» **SOURCE DATA**

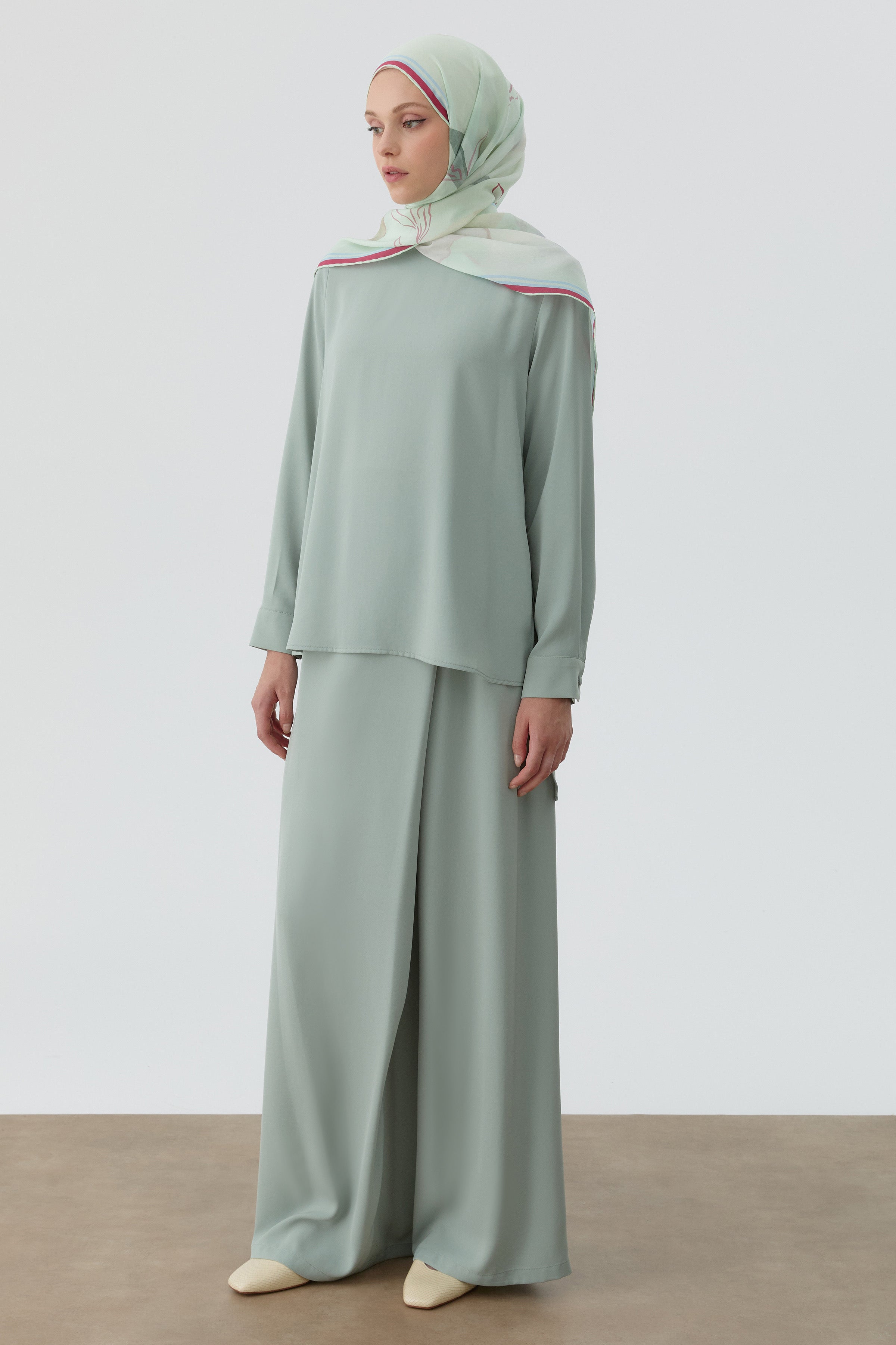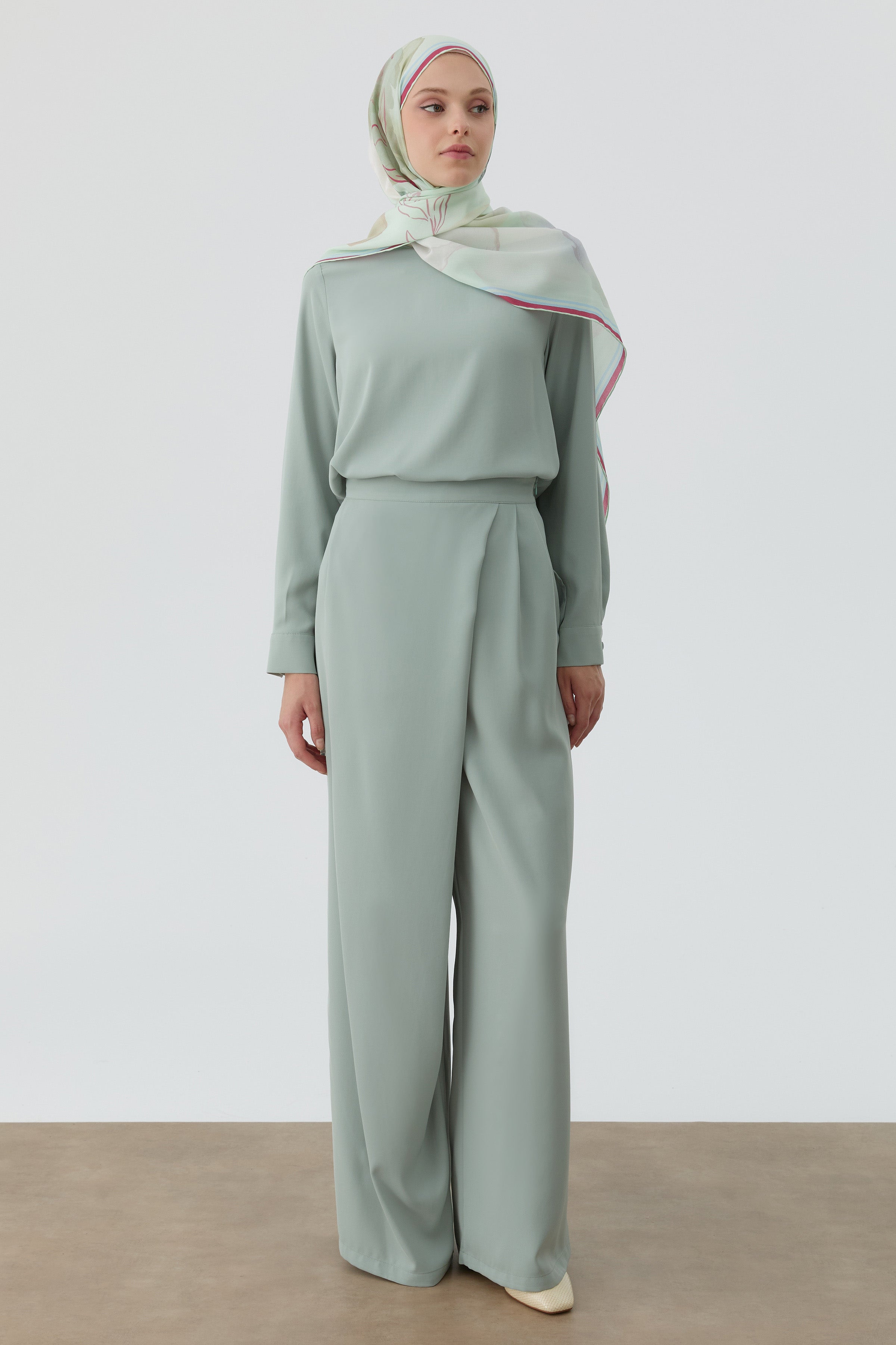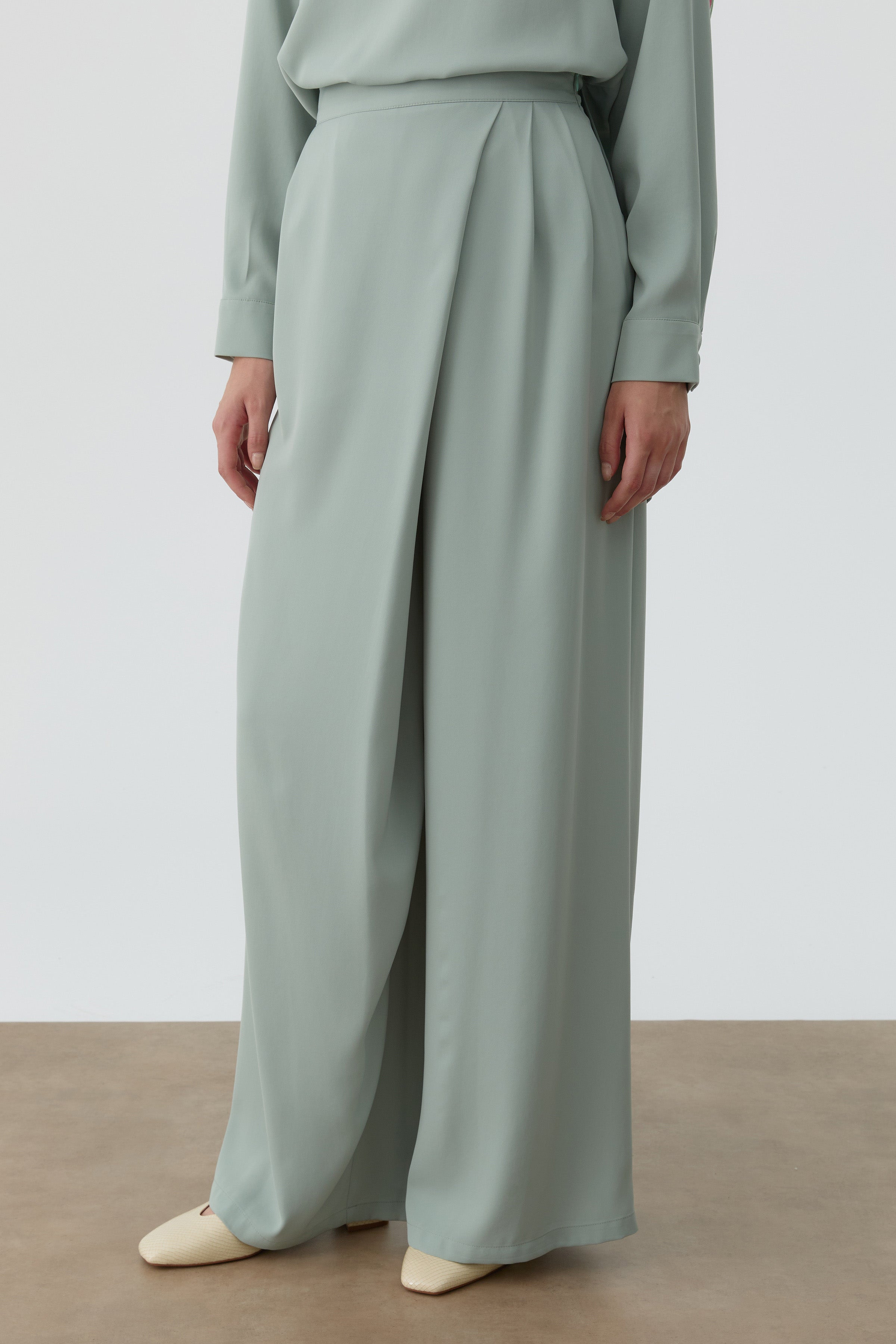 Con su corte cruzado que ofrece un efecto de capas, estos pantalones crean una silueta dinámica y fluida gracias a los detalles de pliegues.
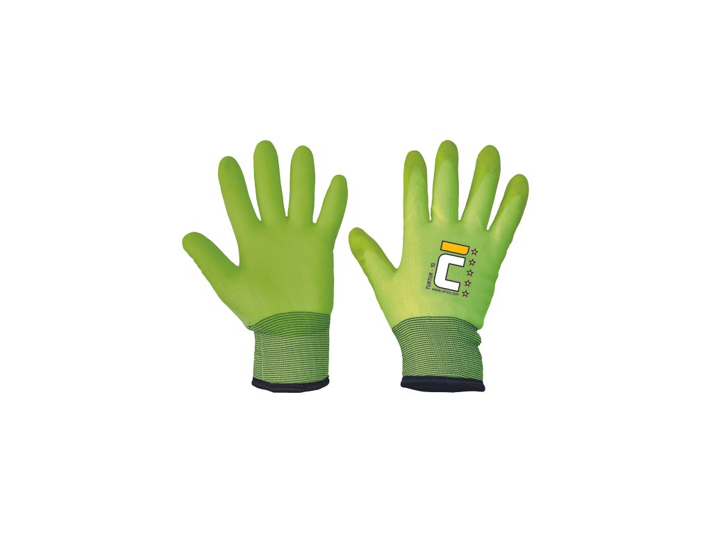 Zateplené, vodu odpudzujúce pletené signálne nylonové rukavice s vrstvou PVC v dlani a na prstoch, s komfortným froté zateplením a pružnou manžetou.Dodatočné parametre
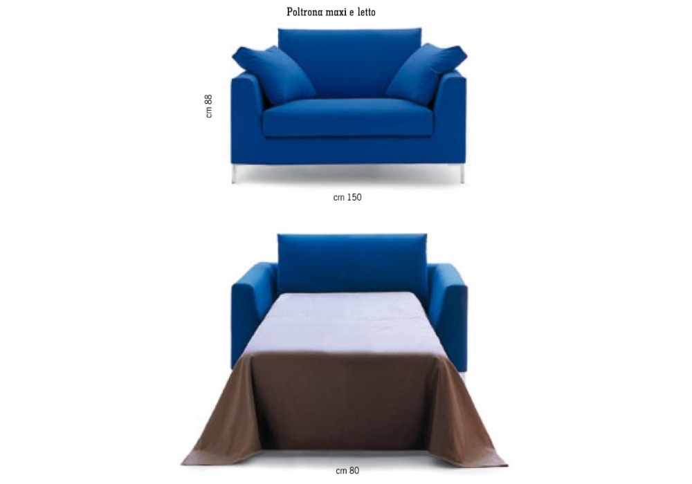 Aoy firmata da Campeggi è una poltrona letto facilmente trasformabile con piedini in acciaio cromato, rivestimento sfoderabile. Rete del letto in acciaio elettrosaldato e materasso a molle o in poliuretano. Cuscini laterali esclusi!
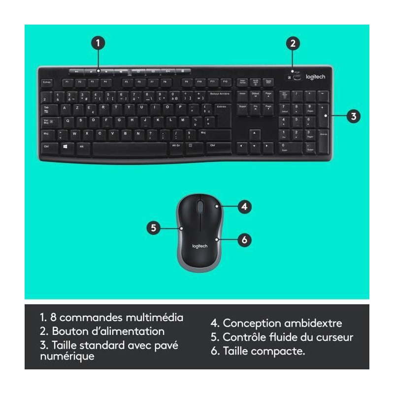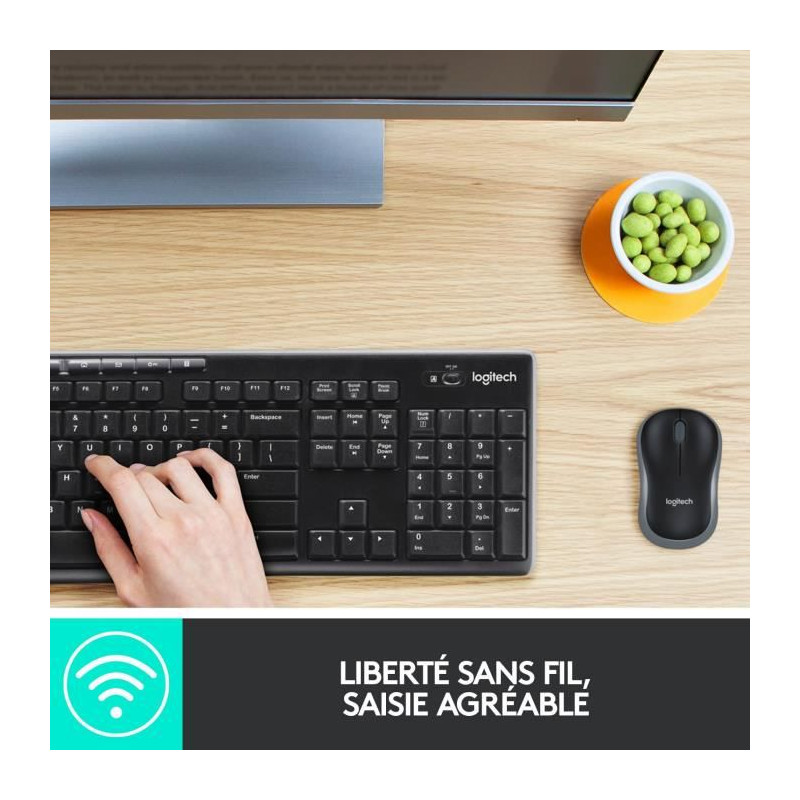 MK270. Ensemble sans fil de pointe avec nano-récepteur Logitech ultra discret. Bénéficiez a la fois de la fiabilité d'un dispositif filaire et de la commodité du mode sans fil jusqu'a 10 metres grâce a la connectivité sans fil 2,4 Ghz avancée de Logitech, et ce meme dans les environnements les plus fréquentés.
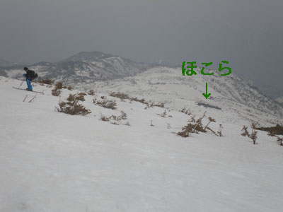 ![]() 天狗原の下の大斜面の上部には雪解け箇所があった。 There was a small ground exposed in the upper area of the large slope under Tenguppara becasue the snow has melted. |
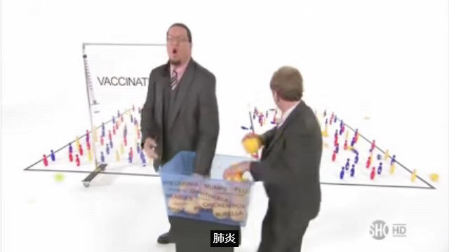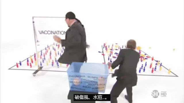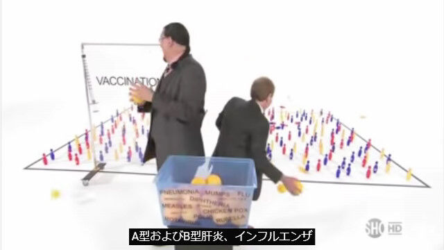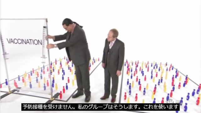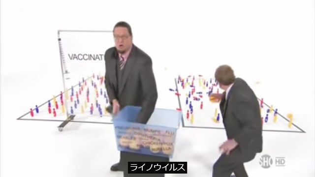 それぞれ、ウイルスによる被害がどれほど違うのかを視覚的に表現した映像。
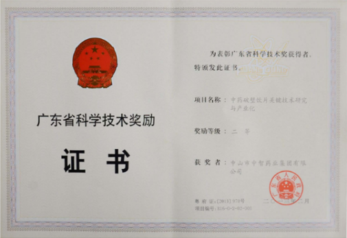 2013年獲廣東省科技進(jìn)步二等獎(中藥破壁飲片關(guān)鍵技術(shù)研究與產(chǎn)業(yè)化);
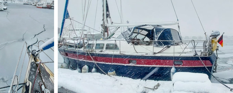 Über Nacht hat sich im Hafen eine feine Eisdecke gebildet. Die Rantje schiebt sich langsam Richtung Steg. Um sie herum knackt und ächzt das brechende Eis leise. Am Steg angekommen, suchen sie die unter der dicken Schneeschicht vergrabenen Klampen. Jede Bewegung kontrolliert und behutsam. Sie kennen den Steg nicht, wollen keine Spalten übersehen. Auch an Land herrscht Ausnahmezustand. Die Bevölkerung ist aufgefordert, zu Hause zu bleiben. Der Zoll klariert ausschließlich per Funk ein. Niemand kommt an den Steg zur Rantje. Die Insel empfängt sie vollkommen still – mit all ihrer rauen Schönheit.

» **WHAT YOU WILL DO**
Only the lines from the top of the data through the line with "2013年獲廣東省科技進(j" should be quoted, exactly and with both ends kept; skip the pictures.

» **FINISHED TASK**
 Con su corte cruzado que ofrece un efecto de capas, estos pantalones crean una silueta dinámica y fluida gracias a los detalles de pliegues.
 Zateplené, vodu odpudzujúce pletené signálne nylonové rukavice s vrstvou PVC v dlani a na prstoch, s komfortným froté zateplením a pružnou manžetou.Dodatočné parametre
 Aoy firmata da Campeggi è una poltrona letto facilmente trasformabile con piedini in acciaio cromato, rivestimento sfoderabile. Rete del letto in acciaio elettrosaldato e materasso a molle o in poliuretano. Cuscini laterali esclusi!
 MK270. Ensemble sans fil de pointe avec nano-récepteur Logitech ultra discret. Bénéficiez a la fois de la fiabilité d'un dispositif filaire et de la commodité du mode sans fil jusqu'a 10 metres grâce a la connectivité sans fil 2,4 Ghz avancée de Logitech, et ce meme dans les environnements les plus fréquentés.
 ![]() 天狗原の下の大斜面の上部には雪解け箇所があった。 There was a small ground exposed in the upper area of the large slope under Tenguppara becasue the snow has melted. |
 それぞれ、ウイルスによる被害がどれほど違うのかを視覚的に表現した映像。
 2013年獲廣東省科技進(jìn)步二等獎(中藥破壁飲片關(guān)鍵技術(shù)研究與產(chǎn)業(yè)化);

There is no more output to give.